Quickly find whether a value is present in a C array?

Question

I have an embedded application with a time-critical ISR that needs to iterate through an array of size 256 (preferably 1024, but 256 is the minimum) and check if a value matches

Answer 1

Keep the table in sorted order, and use Bentley's unrolled binary search:

i = 0;
if (key >= a[i+512]) i += 512;
if (key >= a[i+256]) i += 256;
if (key >= a[i+128]) i += 128;
if (key >= a[i+ 64]) i +=  64;
if (key >= a[i+ 32]) i +=  32;
if (key >= a[i+ 16]) i +=  16;
if (key >= a[i+  8]) i +=   8;
if (key >= a[i+  4]) i +=   4;
if (key >= a[i+  2]) i +=   2;
if (key >= a[i+  1]) i +=   1;
return (key == a[i]);

The point is,

• if you know how big the table is, then you know how many iterations there will be, so you can fully unroll it.
• Then, there's no point testing for the == case on each iteration because, except on the last iteration, the probability of that case is too low to justify spending time testing for it.**
• Finally, by expanding the table to a power of 2, you add at most one comparison, and at most a factor of two storage.

** If you're not used to thinking in terms of probabilities, every decision point has an entropy, which is the average information you learn by executing it.
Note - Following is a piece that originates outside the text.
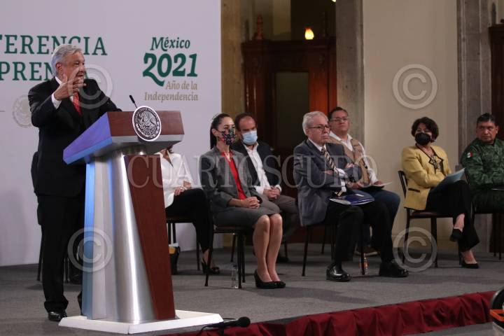CIUDAD DE MÉXICO, 27ABRIL2021.- Andrés Manuel López Obrador, presidente de México, junto con: Jorge Alcocer, secretario de Salud; Hugo López-Gatell, subsecretario de Prevención y Promoción a la Salud; Claudia Sheinbaum, jefa de gobierno de la Ciudad de México; Delfina Gómez, secretaria de Educación; Luis Cresencio Sandoval, secretario de la Defensa Nacional; Martha Delgado, subsecretaria para Asuntos Multilaterales y Derechos Humanos de la Secretaria de Relaciones Exteriores, y Ruy López Ridaura, director general del Centro Nacional de Programas Preventivos y Control de Enfermedades, encabezaron el informe semanal de “El Pulso de la Salud” donde se anunció que la capital del país acumula 14 semanas a la baja respecto a los contagios y hospitalizaciones por covid-19. Asimismo, se dio a conocer que a partir del día de mañana iniciará el per-registro para la población de 50-59 años que será vacunada, a fin de comenzar en mayo con la inmunización. FOTO: GALO CAÑAS/CUARTOSCURO.COM

For the >= tests, the probability of each branch is about 0.5, and -log2(0.5) is 1, so that means if you take one branch you learn 1 bit, and if you take the other branch you learn one bit, and the average is just the sum of what you learn on each branch times the probability of that branch. So 1*0.5 + 1*0.5 = 1, so the entropy of the >= test is 1. Since you have 10 bits to learn, it takes 10 branches. That's why it's fast!
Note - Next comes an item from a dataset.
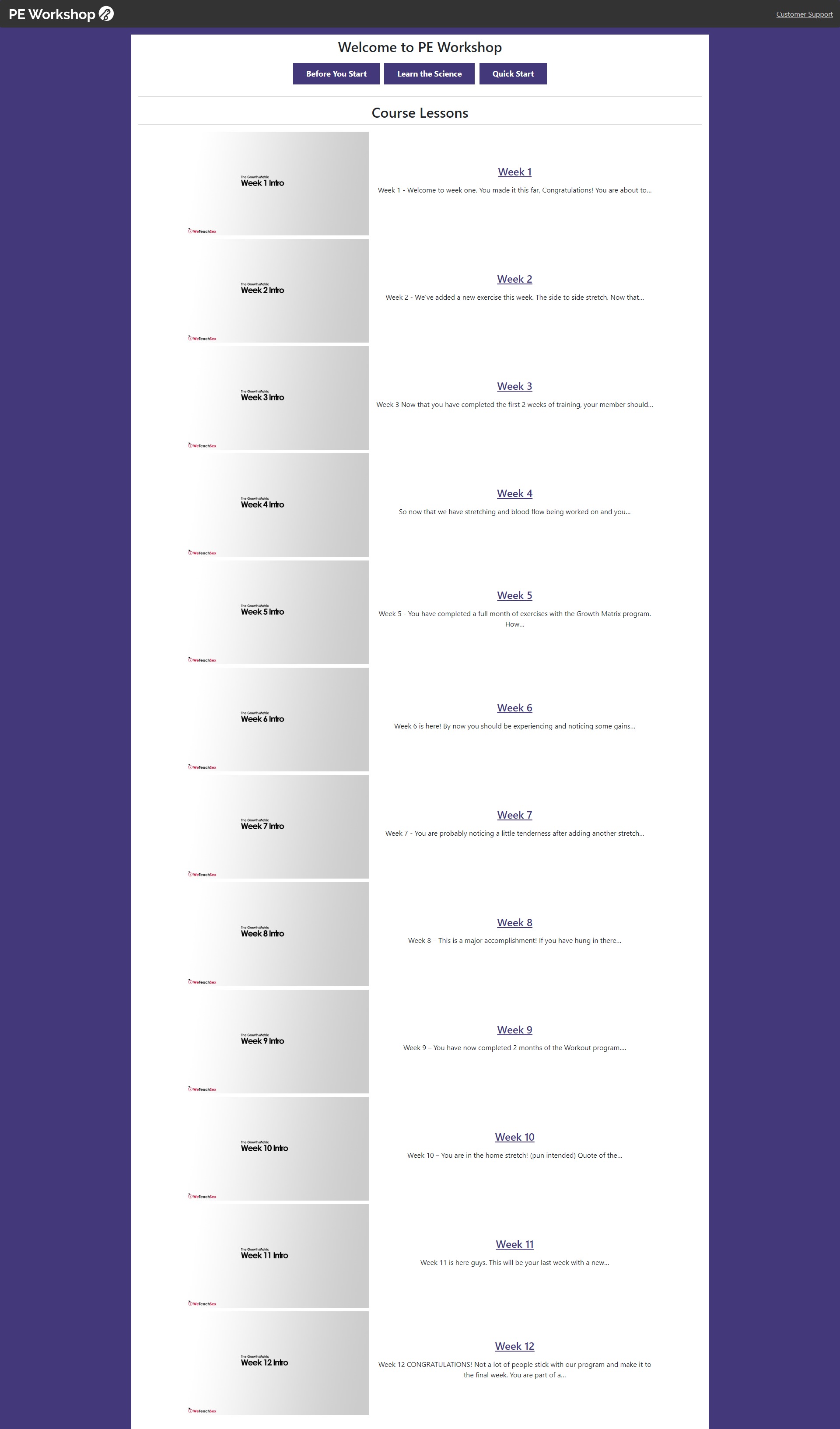 The PE Workshop program is only available for those 18 years of age and older.

On the other hand, what if your first test is if (key == a[i+512)? The probability of being true is 1/1024, while the probability of false is 1023/1024. So if it's true you learn all 10 bits! But if it's false you learn -log2(1023/1024) = .00141 bits, practically nothing! So the average amount you learn from that test is 10/1024 + .00141*1023/1024 = .0098 + .00141 = .0112 bits. About one hundredth of a bit. That test is not carrying its weight!